**Work item**
Only the pictures are to be left out; set down the rest of the records exactly.

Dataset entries
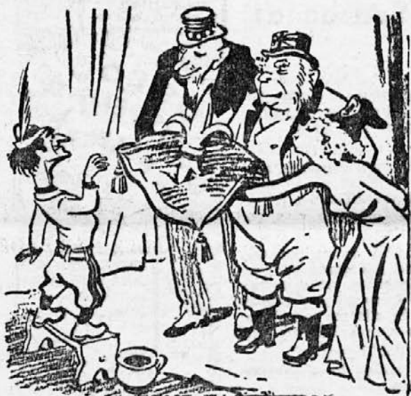
... IN ZADNJA
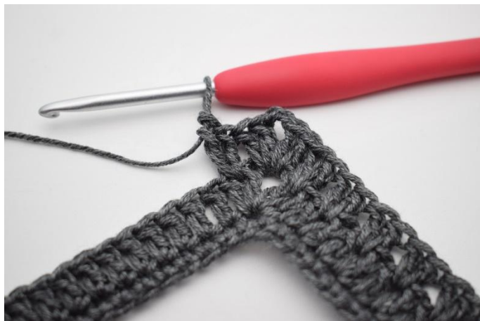
10. Comme ceci.
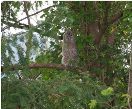
Waldkauz im Frühling 2012
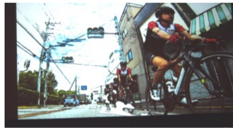
小金井市内を走るロードバイク。PR映像より。

一年後に迫った東京2020オリンピック。その自転車競技ロードレースの通過自治体となった多摩8市(小金井市・府中市・調布市・三鷹市・稲城市・多摩市・八王子市・町田市)は合同連絡会を設置。11日に共同記者会見を行った。
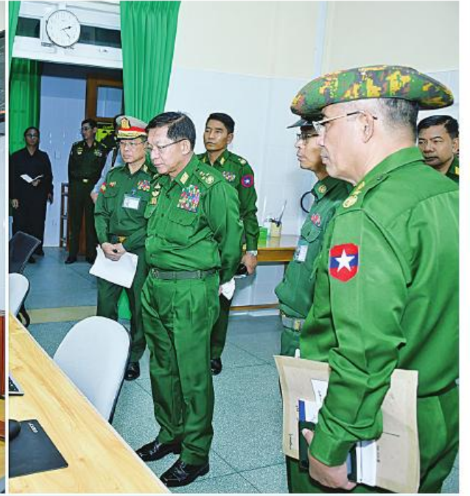
နိုင်ငံတော်စီမံအုပ်ချုပ်ရေးကောင်စီဥက္ကဋ္ဌ တပ်မတော်ကာကွယ်ရေးဦးစီးချုပ် ဗိုလ်ချုပ်မှူးကြီးမင်းအောင်လှိုင် ဓာတ်ရောင်ခြည်ကုသဓာတ်နှင့် CTစက်ဖြင့် ရောဂါရှိသည့်နေရာများအား တိကျစွာပုံဖော်သည့်စက်တို့ တပ်ဆင်သုံးစွဲထားမှုအခြေအနေများကို ကြည့်ရှုစစ်ဆေးစဉ်။
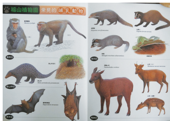
福山植物園常見野生動物摺頁。
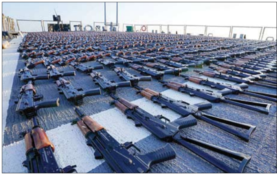
البحرية الأمريكية تنشر كمية ضخمة من البنادق الهجومية المهربة من إيران إلى اليمن عبر خليج عُمان (ا ب) عندما اعتراضنا السفينة كانت على طريق تستخدم لتهريب البضائع غير المشروعة إلى اليمن. إلى ذلك، هز انفجار عنيف معسكر تخزين صواريخ جدير بالذكر أن حظرا للأسلحة

أعلنت البحرية الأميركية، أمس الثلاثاء، اعتراض سفينة صيد كانت تهرب بنادق من إيران إلى اليمن. وأكد المتحدث باسم الأسطول الخامس المتمركز بالشرق الأوسط والتابع للبحرية الأميركية، تيموثي هوكينز، مصادرة أكثر من 2100 بندقية هجومية من سفينة في خليج عُمان، يعتقد أنها قادمة من إيران، ومتوجهة إلى اليمن. ووفقاً ذكرت الأسوشيتد برس، فقد تمت مصادرة الأسلحة يوم الجمعة بعد أن صدق فريق من زورق الدوريات الساحلية يو إس إس شينوك، على متن السفينة. وبحسب هوكينز فقد عثر على بنادق من نوع كلاشنيكوف ملفوفة في قماش على متن السفينة. وقال هوكينز للأسوشيتد برس: أعلنت البحرية الأميركية، أمس الثلاثاء، اعتراض سفينة صيد كانت تهرب بنادق من إيران إلى اليمن. وأكد المتحدث باسم الأسطول الخامس المتمركز بالشرق الأوسط والتابع للبحرية الأميركية، تيموثي هوكينز، مصادرة أكثر من 2100 بندقية هجومية من سفينة في خليج عُمان، يعتقد أنها قادمة من إيران، ومتوجهة إلى اليمن. ووفقاً ذكرت الأسوشيتد برس، فقد تمت مصادرة الأسلحة يوم الجمعة بعد أن صدق فريق من زورق الدوريات الساحلية يو إس إس شينوك، على متن السفينة. وبحسب هوكينز فقد عثر على بنادق من نوع كلاشنيكوف ملفوفة في قماش على متن السفينة. وقال هوكينز للأسوشيتد برس: عندما اعتراضنا السفينة كانت على طريق تستخدم لتهريب البضائع غير المشروعة إلى اليمن. إلى ذلك، هز انفجار عنيف معسكر تخزين صواريخ جدير بالذكر أن حظرا للأسلحة البحرية الأمريكية تنشر كمية ضخمة من البنادق الهجومية المهربة من إيران إلى اليمن عبر خليج عُمان (ا ب) عندما اعتراضنا السفينة كانت على طريق تستخدم لتهريب البضائع غير المشروعة إلى اليمن. إلى ذلك، هز انفجار عنيف معسكر تخزين صواريخ جدير بالذكر أن حظرا للأسلحة
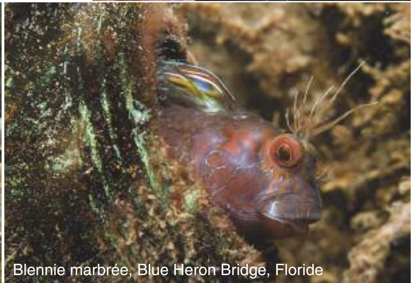
Blennie marbrée, Blue Heron Bridge, Floride
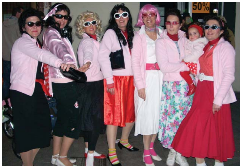
Aurten ere era guztietako mozorroak jantziko dituzte Lasarte-Oriako haur eta helduek.

**Exercise result**
... IN ZADNJA
10. Comme ceci.
Waldkauz im Frühling 2012
小金井市内を走るロードバイク。PR映像より。

一年後に迫った東京2020オリンピック。その自転車競技ロードレースの通過自治体となった多摩8市(小金井市・府中市・調布市・三鷹市・稲城市・多摩市・八王子市・町田市)は合同連絡会を設置。11日に共同記者会見を行った。
နိုင်ငံတော်စီမံအုပ်ချုပ်ရေးကောင်စီဥက္ကဋ္ဌ တပ်မတော်ကာကွယ်ရေးဦးစီးချုပ် ဗိုလ်ချုပ်မှူးကြီးမင်းအောင်လှိုင် ဓာတ်ရောင်ခြည်ကုသဓာတ်နှင့် CTစက်ဖြင့် ရောဂါရှိသည့်နေရာများအား တိကျစွာပုံဖော်သည့်စက်တို့ တပ်ဆင်သုံးစွဲထားမှုအခြေအနေများကို ကြည့်ရှုစစ်ဆေးစဉ်။
福山植物園常見野生動物摺頁。
البحرية الأمريكية تنشر كمية ضخمة من البنادق الهجومية المهربة من إيران إلى اليمن عبر خليج عُمان (ا ب) عندما اعتراضنا السفينة كانت على طريق تستخدم لتهريب البضائع غير المشروعة إلى اليمن. إلى ذلك، هز انفجار عنيف معسكر تخزين صواريخ جدير بالذكر أن حظرا للأسلحة

أعلنت البحرية الأميركية، أمس الثلاثاء، اعتراض سفينة صيد كانت تهرب بنادق من إيران إلى اليمن. وأكد المتحدث باسم الأسطول الخامس المتمركز بالشرق الأوسط والتابع للبحرية الأميركية، تيموثي هوكينز، مصادرة أكثر من 2100 بندقية هجومية من سفينة في خليج عُمان، يعتقد أنها قادمة من إيران، ومتوجهة إلى اليمن. ووفقاً ذكرت الأسوشيتد برس، فقد تمت مصادرة الأسلحة يوم الجمعة بعد أن صدق فريق من زورق الدوريات الساحلية يو إس إس شينوك، على متن السفينة. وبحسب هوكينز فقد عثر على بنادق من نوع كلاشنيكوف ملفوفة في قماش على متن السفينة. وقال هوكينز للأسوشيتد برس: أعلنت البحرية الأميركية، أمس الثلاثاء، اعتراض سفينة صيد كانت تهرب بنادق من إيران إلى اليمن. وأكد المتحدث باسم الأسطول الخامس المتمركز بالشرق الأوسط والتابع للبحرية الأميركية، تيموثي هوكينز، مصادرة أكثر من 2100 بندقية هجومية من سفينة في خليج عُمان، يعتقد أنها قادمة من إيران، ومتوجهة إلى اليمن. ووفقاً ذكرت الأسوشيتد برس، فقد تمت مصادرة الأسلحة يوم الجمعة بعد أن صدق فريق من زورق الدوريات الساحلية يو إس إس شينوك، على متن السفينة. وبحسب هوكينز فقد عثر على بنادق من نوع كلاشنيكوف ملفوفة في قماش على متن السفينة. وقال هوكينز للأسوشيتد برس: عندما اعتراضنا السفينة كانت على طريق تستخدم لتهريب البضائع غير المشروعة إلى اليمن. إلى ذلك، هز انفجار عنيف معسكر تخزين صواريخ جدير بالذكر أن حظرا للأسلحة البحرية الأمريكية تنشر كمية ضخمة من البنادق الهجومية المهربة من إيران إلى اليمن عبر خليج عُمان (ا ب) عندما اعتراضنا السفينة كانت على طريق تستخدم لتهريب البضائع غير المشروعة إلى اليمن. إلى ذلك، هز انفجار عنيف معسكر تخزين صواريخ جدير بالذكر أن حظرا للأسلحة
Blennie marbrée, Blue Heron Bridge, Floride
Aurten ere era guztietako mozorroak jantziko dituzte Lasarte-Oriako haur eta helduek.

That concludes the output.